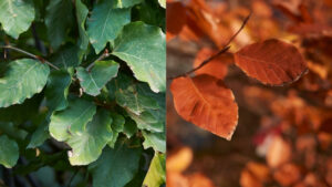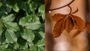 Beukenhaag vs haagbeuk: vergelijking in één oogopslag. Links Fagus Sylvatica (beukenhaag) en rechts Carpinus Betulus (haagbeuk).
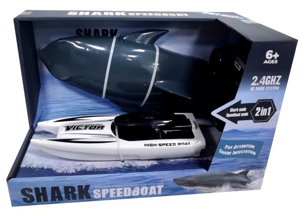 Fjernstyret 2-i-1 Speedbåd og Haj 2.4G, Hvid
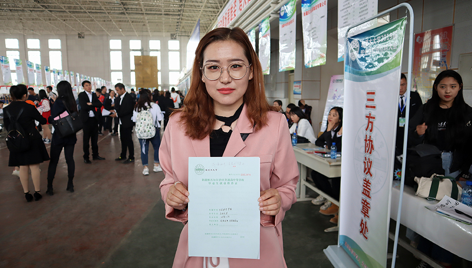 胡杨网阿拉尔4月13日讯(记者杨永霞)“太好了,我找到回阿克陶的工作了。”穿着粉色裙子,笑容甜美的布海丽齐·麦麦提乌柔孜,拿着手里的三方协议高兴地对朋友说。

====

→ ACTION ITEM
Exclude the pictures and print the rest of the data exactly.

→ RESPONSE
 Beukenhaag vs haagbeuk: vergelijking in één oogopslag. Links Fagus Sylvatica (beukenhaag) en rechts Carpinus Betulus (haagbeuk).
 Fjernstyret 2-i-1 Speedbåd og Haj 2.4G, Hvid
 胡杨网阿拉尔4月13日讯(记者杨永霞)“太好了,我找到回阿克陶的工作了。”穿着粉色裙子,笑容甜美的布海丽齐·麦麦提乌柔孜,拿着手里的三方协议高兴地对朋友说。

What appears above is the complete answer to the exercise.